Волшебный край (об опере «Сказка о царе Салтане»)
Знаешь мои занятия? до обеда пишу «Записки», обедаю поздно; после обеда езжу верхом, вечером слушаю сказки — и вознаграждаю тем недостатки проклятого своего воспитания. Что за прелесть эти сказки! каждая есть поэма!
Александр Пушкин
Пушкинская сокровищница — неиссякаемый источник музыкальных открытий на протяжении почти двух столетий. Разумеется, речь идет прежде всего о соотечественниках поэта. Среди наиболее активных истолкователей бесценного наследия — Николай Андреевич Римский-Корсаков. Наряду с лирикой и драмой его интерес привлекали и преданья старины глубокой.
Это вполне естественно: композитор заслуженно завоевал славу выдающегося музыкального сказочника — «Майская ночь», «Снегурочка», «Млада», «Ночь перед Рождеством», «Садко», «Кащей бессмертный», «Золотой петушок». В этом ряду и сохранившая исконное название опера «Сказка о царе Салтане, о сыне его, славном и могучем богатыре князе Гвидоне Салтановиче и о прекрасной царевне Лебеди».
Крестным отцом произведения, как это в русской музыкальной истории случалось неоднократно, выступил Владимир Васильевич Стасов. Он предложил композитору очередной сюжет, имея в виду предстоящее столетие со дня рождения поэта. Позднее в письме к брату авторитетный критик подчеркивал: «[Надежда Николаевна] надписала на подаренном мне экземпляре [сделанного ею фортепианного переложения сюиты из "Салтана"]: "Милейшему В.В. Стасову на память", а сам Римлянин на экземпляре всей оперы: "Дорогому Владимиру Васильевичу, накликавшему сию оперу" (ты помнишь, этот сюжет предложил Римлянину я)».
Похоже, Стасов гордился своим соучастием в плодотворном творческом процессе. Во всяком случае в другом письме той поры он варьирует ту же тему «Мне хотелось послушать "Салтана Салтановича", которого сочинять научил Р.-Корсаков — я же, а теперь его в Петербурге бог знает до каких пор не дождешься!»

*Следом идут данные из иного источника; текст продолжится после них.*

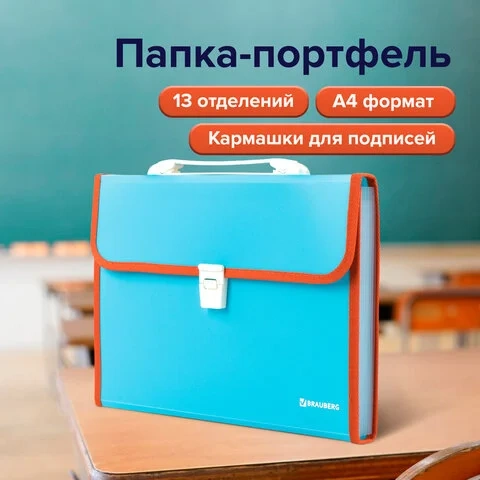 Папка-портфель Brauberg Joy бирюзовая, А4, 13 отделений

В отличие от Глинки его наследнику повезло с либреттистом. Над своими последними оперными сочинениями Римский-Корсаков работал в содружестве с талантливым литератором Владимиром Ивановичем Бельским. Он и стал автором текстовой основы «Салтана» (а позднее также «Сказания о невидимом граде Китеже» и «Золотого петушка»).
В. Бельский неукоснительно следовал великолепному первоисточнику, хорошо знакомому русскому зрителю с детских лет. Знаменитый фольклорист М. Азадовский так представлял создание поэта в «Путеводителе по Пушкину»: «"Сказка о царе Салтане" написана П. осенью 1831 г., когда П. жил в Царском Селе в постоянном общении с Жуковским, с которым он вступил в своеобразное соревнование, работая над одним и тем же материалом.
Жуковский тогда работал над сказками "о Спящей царевне" и "о Царе-Берендее", П. же написал "Салтана" и "Балду". Краткая запись сказки о Салтане была сделана П. еще в 1824—25 гг., во время пребывания в Михайловском; позже была сделана более пространная запись (вместе с рядом других сказок). Еще позже он набросал стихотворное начало сказки и программу-конспект.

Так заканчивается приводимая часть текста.